Install the required packages using the requirements.txt file in the /src directory:

pip install -r src/requirements.txt

Connect to Your Deployed ZenML

In order to run a ZenML pipeline remotely (e.g. on the cloud), we first need to deploy ZenML. One of the easiest ways to do this is to deploy ZenML with HuggingFace spaces.

Afterward, establish a connection with your deployed ZenML instance:

zenml connect --url https://*** --username *** --password ***

Create Secrets

Create the necessary secrets for Supabase and OpenAI:

# These are supplied when you create a new project in your project dashboard.
zenml secret create supabase \
    --supabase_url=$SUPABASE_URL \
    --supabase_key=$SUPABASE_KEY

# Make sure to have access to GPT-4 (https://openai.com/gpt4)
# You can get your keys at https://platform.openai.com/account/api-keys
zenml secret create openai --api_key=$OPENAPI_API_KEY   

Run the Pipeline Locally

Once the installation is complete, you can run the pipeline locally:

python run.py

Note that the pipeline uses parameters for a private Supabase database for a particular use-case for you-tldr.com. However, you can easily modify or send different parameters to the importer step for your own database needs.
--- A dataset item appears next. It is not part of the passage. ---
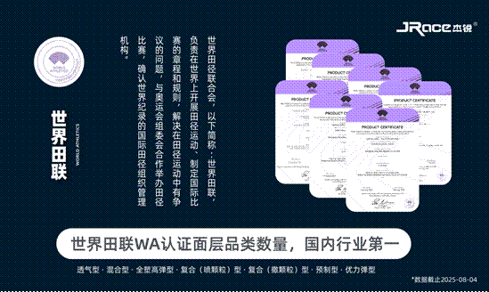 能够成为十五运主场馆的材料供应商,杰锐体育的实力早已得到充分印证。作为赛事级场地材料供应商,杰锐多款产品获得世界田联与中国田协双认证。截至2025年5月,杰锐体育共有七款塑胶跑道产品获得世界田联认证,数量居国内行业之首;四款塑胶跑道通过了中国田协面层审定,其中混合、全塑型更是行业首家通过A级审定。不仅在跑道领域,杰锐体育还是行业首家现浇型聚氨酯球场材料获FIBA室内二级、室内一/二级认证的企业,并先后参与坦桑尼亚国家体育场、哈萨克斯坦奥林匹克运动中心、蒙古田径及水上运动中心、昆明市体育中心、中山大学、华南农业大学等多个国内外大型体育场馆项目建设,产生多个WA世界田联、中国田协等标杆场地案例。

You can also modify the preset prompts and system inputs in the generate_summary step

Run the Pipeline on a Remote Stack with Alerter

To run the pipeline on a remote stack with an artifact store and a Slack alerter, follow these steps:

  1. Install the GCP and Slack integrations for ZenML:

    zenml integration install gcp slack -y
  2. Register the GCP artifact store:

    zenml artifact-store register gcp_store -f gcp --path=gs://PATH_TO_STORE
  3. Register the Slack alerter:

    zenml alerter register slack_alerter -f slack --slack_token=<YOUR_SLACK_TOKEN> --default_slack_channel_id=<YOUR_SLACK_CHANNEL_ID>
  4. Register the stack with the GCP artifact store and Slack alerter:

    zenml stack register -a gcp_store -o default --alerter=slack_alerter --active

Once the stack is registered and set active, the pipeline will run on the remote stack with the GCP artifact store and send alerts to the specified Slack channel.

Running in production: Choose your MLOps stack

ZenML simplifies scaling this pipeline by allowing seamless deployment on production-ready orchestrators like Airflow or Kubeflow. With native versioning on cloud storage and experiment tracking through ZenML's integration with MLflow, you can start locally and effortlessly transition to robust and efficient MLOps pipelines in production, unlocking valuable insights from your enterprise data.
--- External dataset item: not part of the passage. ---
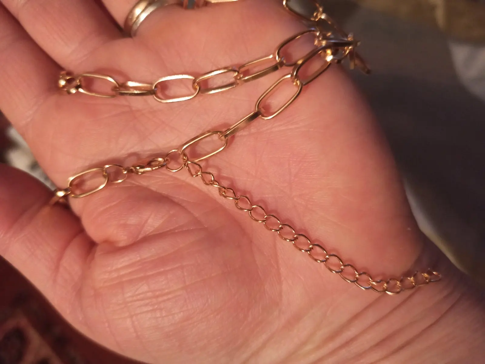 Заметила, что мне пришли только 2 цепочки, хотя на фото их 3. Но качество мне понравилось. Сделано из металла, а не из пластика .

Example: Automate Pipeline Execution with GitHub Actions

To automate the pipeline execution every day, you can use GitHub Actions. First, store your secrets in the GitHub repository's secrets settings. Add the following secrets:

  • GCP_SA_KEY: Your GCP service account key in JSON format.
  • ZENML_URL: The URL of your deployed ZenML instance.
  • ZENML_USERNAME: The username for your deployed ZenML instance.
  • ZENML_PASSWORD: The password for your deployed ZenML instance.
  • ZENML_STACK: The name of the ZenML stack you registered earlier.

Next, create a .github/workflows/main.yml file in your project and add the following content:

name: Daily Summary

on:
  schedule:
    - cron: '0 0 * * *'

jobs:
  run_pipeline:
    runs-on: ubuntu-latest

    steps:
    - name: Checkout repository
      uses: actions/checkout@v3

    - name: Set up Python
      uses: actions/setup-python@v2
      with:
        python-version: 3.8

    - name: Log into GCP
      uses: 'google-github-actions/auth@v1'
      with:
        credentials_json: ${{ secrets.GCP_SA_KEY }}

    - name: Install dependencies
      run: |
        python -m pip install --upgrade pip
        pip install -r src/requirements.txt
        zenml init
        zenml integration install gcp slack -y
        zenml connect --url ${{ secrets.ZENML_URL }} --username ${{ secrets.ZENML_USERNAME }} --password ${{ secrets.ZENML_PASSWORD }}
        zenml stack set ${{ secrets.ZENML_STACK }}
        python src/run.py

    - name: Run pipeline
      run: |
        python run.py

This configuration runs the pipeline every day at midnight. The workflow checks out the repository, sets up Python, logs into GCP, installs dependencies, connects to the deployed ZenML instance, sets the ZenML stack, and runs the pipeline.